An emergency sentencing guideline dealing with punishment for child predators is being pushed through the Pennsylvania Commission on Sentencing (PCS) today that would hopefully allow the Judge in the Sandusky trial to sentence him to chemical castration should he be convicted on charges of child sexual assault.
In a rare move, the American Civil Liberties Union (ACLU) has indicated that, although they believe chemical castration is, in most cases, considered cruel and unusual punishment under the Eighth Amendment to the US Constitution, in Sandusky’s case, they would step back and allow the Commission to give the Judge the authority to order chemical castration at Sandusky’s sentencing hearing.
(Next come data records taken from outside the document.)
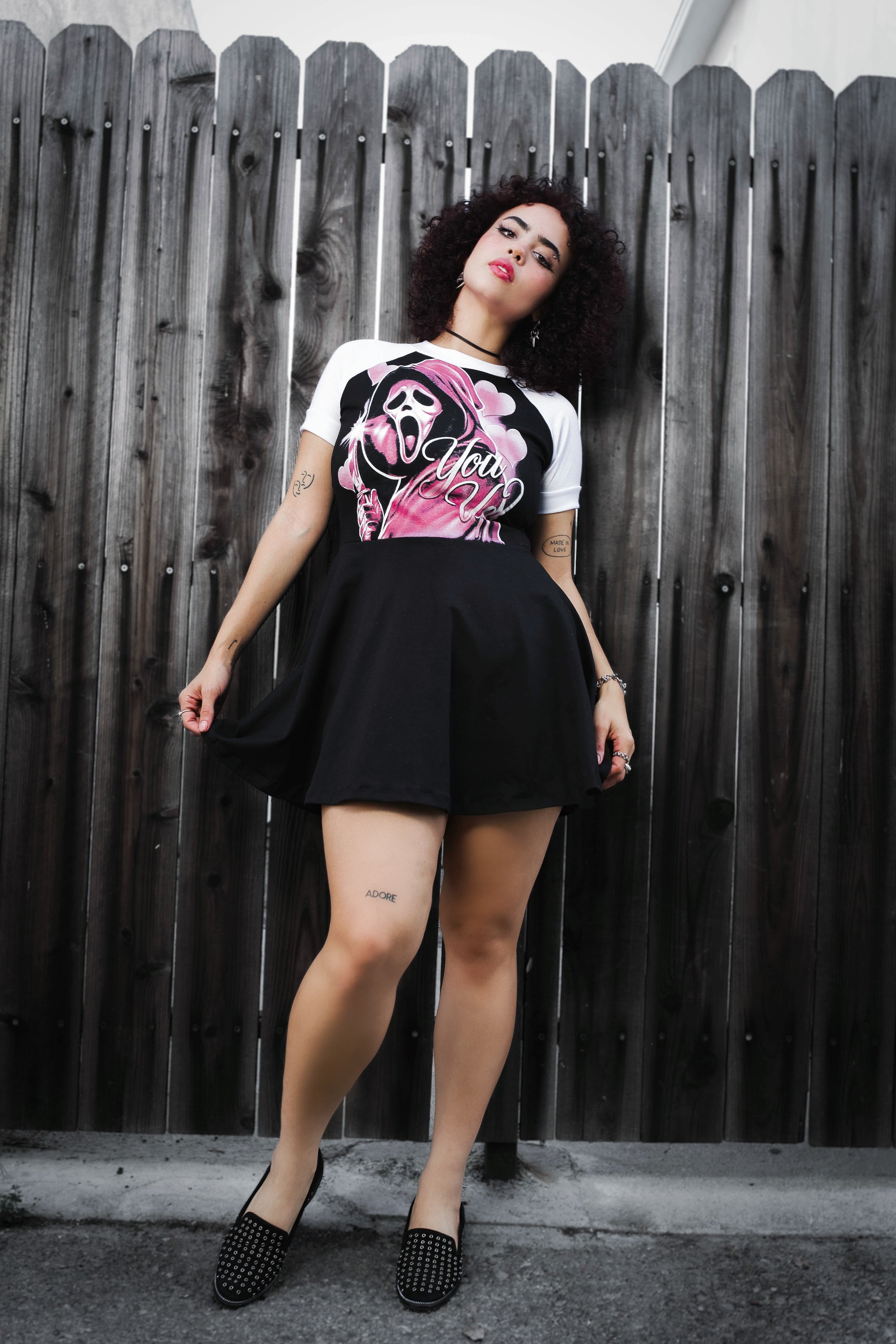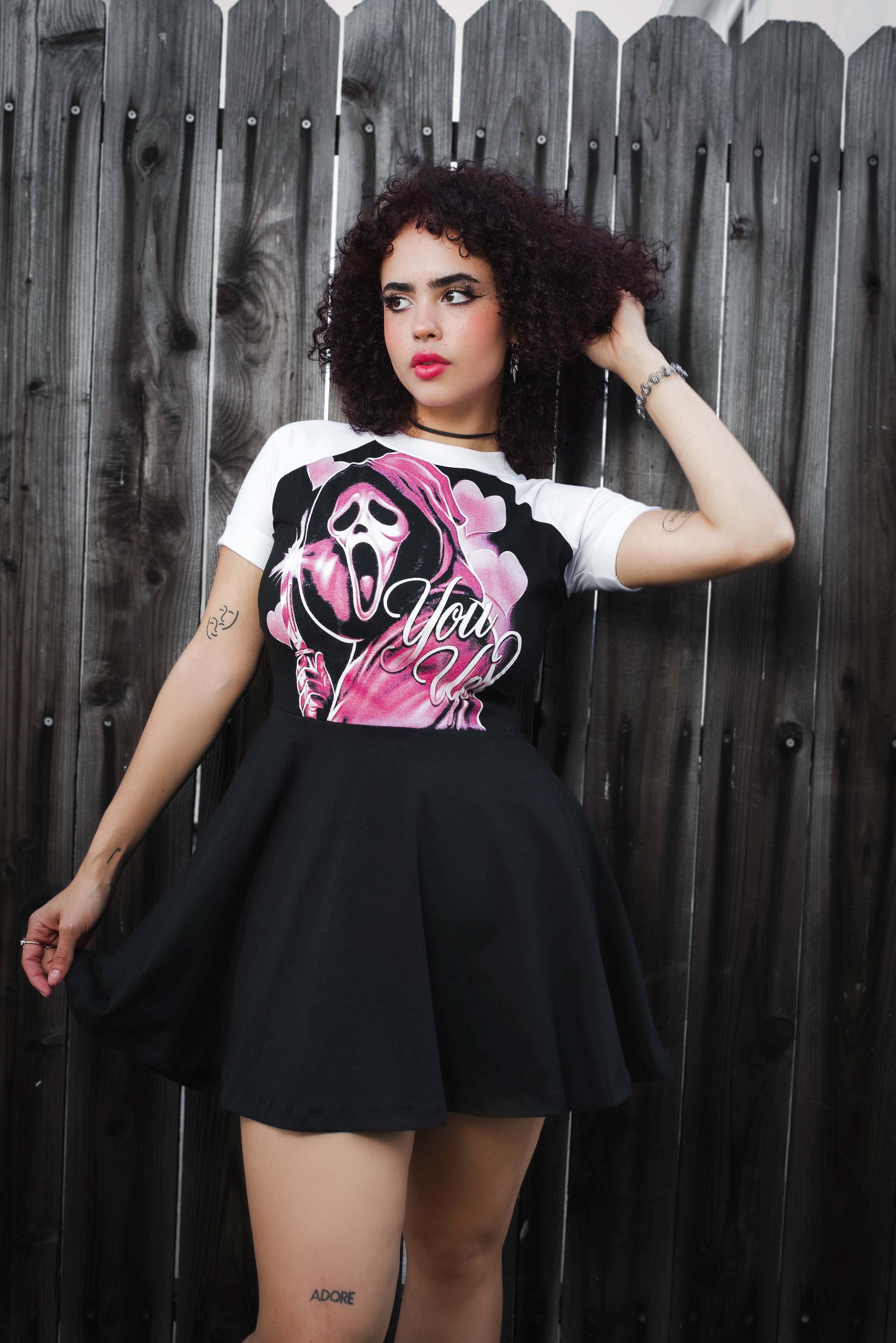 Ghostface Baby Doll Dress! Professionally sewn. Altered from a large licensed men's t-shirt. Super soft cotton. Short baseball-style sleeves. Round neckline. Hits above the knee.Sizes // Measurements: XS: bust 30...
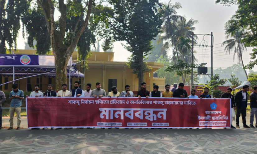 রাবি: শাহজালাল বিজ্ঞান ও প্রযুক্তি বিশ্ববিদ্যালয় কেন্দ্রীয় ছাত্র সংসদ (শাকসু) নির্বাচন স্থগিতের প্রতিবাদ ও শাকসু বাস্তবায়নের দাবিতে মানববন্ধন করেছে রাজশাহী বিশ্ববিদ্যালয়ে (রাবি) শাখা ছাত্রশিবির।
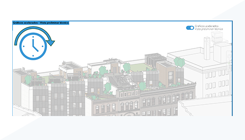 El rendimiento se ha mejorado de media en un 15 % al activar la vista preliminar técnica de gráficos acelerados para la vista actual.
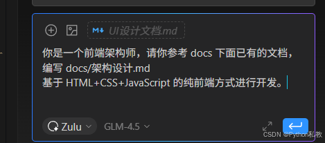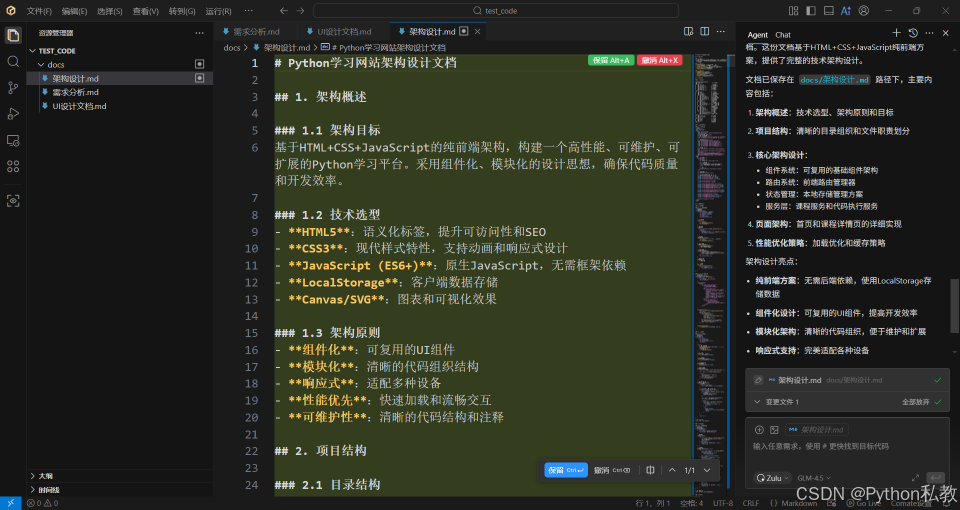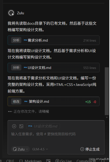 接下来让 Comate 充当架构师角色,编写架构设计文档。当前采用纯前端架构,后面可以结合 Django 框架或者 Flask 框架进行重构和升级。把提示词给 Comate,文档从编写到完成很快捷~
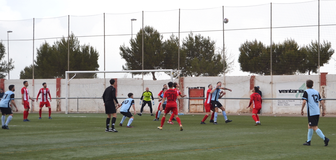 Partido de preferente autonómica de fútbol disputado en el campo Sánchez Luengo de El Algar. Tarjetas amarillas para los locales Pagán, Javi Inglés y Jorge, y para los visitantes Jesús, Vicente y doble para López, expulsado en el minuto 89.
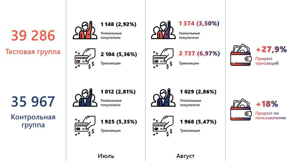 Третий этап — аналитика данных за период рекламной кампании. Тут увидели, как изменилось поведение двух групп. За период РК тестовая совершила 2 737 (6,97%) транзакций и показала рост в 30%. Контрольная тоже выросла, но на 2,2%, совершив за этот же период 1 968 (5,47%) транзакций. Параллельно измерялся и рост уникальных пользователей. Например, тестовая группа выросла на ~20% с 1 148 (2,92%) до 1 374 (3,5%) уникальных покупателей. При этом контрольная — только на 1,7% с 1 012 (2,81%) до 1 029 (2,86%).
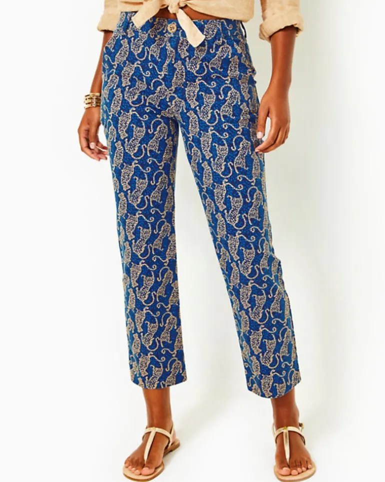 - High Rise, Fly Front, Double Weave, Straight Fit Pant. Interior Waistband With Elastic For Added Comfort.

In fact, not one person who has knowledge of this special sentencing guideline--from the attorneys who are crafting it, to the officials in charge of maintaining Pennsylvania’s state sentencing guidelines--have any objections to seeing the law passed on an emergency basis.
If all goes according to plan, “Sandusky’s Sentence” will be ready to be handed down as soon as the jury convicts the ex-football coach of the crimes he is alleged to have committed, and it will be a model sentence for any other predators who are awaiting trial on similar charges.
A companion recommendation that Sandusky not be allowed to shower for the rest of his life was struck down, however, for being cruel and unusual punishment—not for Sandusky, but for his fellow inmates.
In related news, the Roman Catholic Diocese in Harrisburg, PA is seriously considering getting behind this latest sentencing guideline as it would save them millions of dollars in hush money over the long haul.